▶ What you should do
Render every line of the data exactly as written, and leave out the pictures.

▶ Dataset excerpt
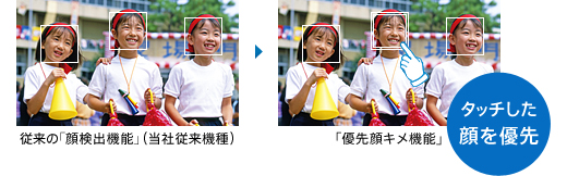 「顔検出機能」がさらにパワーアップ。カメラが検出した複数の人物の中から、特定の顔にタッチすれば、選択した人物を優先的に、フォーカスはもちろん、明るさや肌の色まで最適化します。選択した人物が画面から外れたり、本体の電源を切っても、優先設定は継続するのでとても便利。さらに「スマイルシャッター」にも連動。選んだ人物の笑顔の写真を、優先的に自動で撮影します。
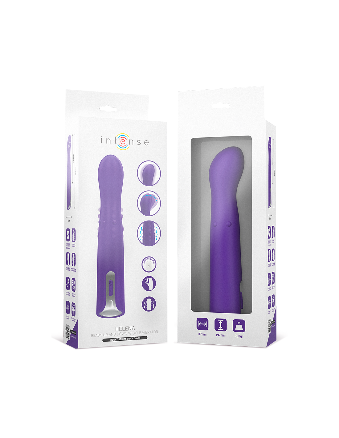 Discover a new dimension of pleasure with the Helena Up & Down vibrator from Intense, a sophisticated stimulator that combines advanced technology, ergonomic design, and unmatched power. Its innovative Up & Down mode with internal bead system provides a vertical movement that simulates real penetration, while its oscillating head precisely massages the G-spot, offering an intense, immersive, and completely personalized experience.
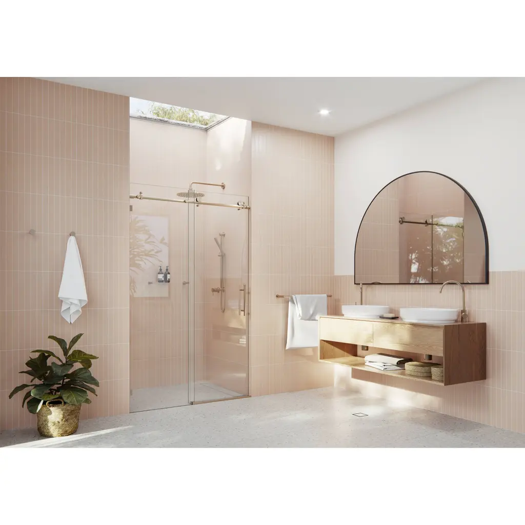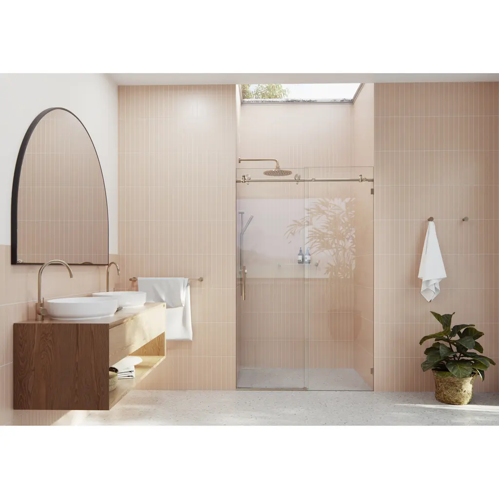 Upgrade your bathroom with the Glass Warehouse Frameless Sliding Shower Door. This high-quality shower door is designed to create an instant modern look that complements any bathroom style while making it appear brighter and more spacious. The brass fittings come in different finishes, adding to the beauty and versatility of this frameless shower door. At 78 inches tall, the GW glass shower door is the standard height for all panels, providing unmatched style and exceptional value. GW glass surpasses American and International Standard codes, ensuring you get a product that meets top-quality standards. Additionally, the Enduroshield coating keeps your shower door clean by repelling water, soap scum, and grime, reducing cleaning time by up to 90%. Glass Warehouse presents you with a quality product that will stand the test of time.Features:

▶ Answer space
 「顔検出機能」がさらにパワーアップ。カメラが検出した複数の人物の中から、特定の顔にタッチすれば、選択した人物を優先的に、フォーカスはもちろん、明るさや肌の色まで最適化します。選択した人物が画面から外れたり、本体の電源を切っても、優先設定は継続するのでとても便利。さらに「スマイルシャッター」にも連動。選んだ人物の笑顔の写真を、優先的に自動で撮影します。
 Discover a new dimension of pleasure with the Helena Up & Down vibrator from Intense, a sophisticated stimulator that combines advanced technology, ergonomic design, and unmatched power. Its innovative Up & Down mode with internal bead system provides a vertical movement that simulates real penetration, while its oscillating head precisely massages the G-spot, offering an intense, immersive, and completely personalized experience.
 Upgrade your bathroom with the Glass Warehouse Frameless Sliding Shower Door. This high-quality shower door is designed to create an instant modern look that complements any bathroom style while making it appear brighter and more spacious. The brass fittings come in different finishes, adding to the beauty and versatility of this frameless shower door. At 78 inches tall, the GW glass shower door is the standard height for all panels, providing unmatched style and exceptional value. GW glass surpasses American and International Standard codes, ensuring you get a product that meets top-quality standards. Additionally, the Enduroshield coating keeps your shower door clean by repelling water, soap scum, and grime, reducing cleaning time by up to 90%. Glass Warehouse presents you with a quality product that will stand the test of time.Features:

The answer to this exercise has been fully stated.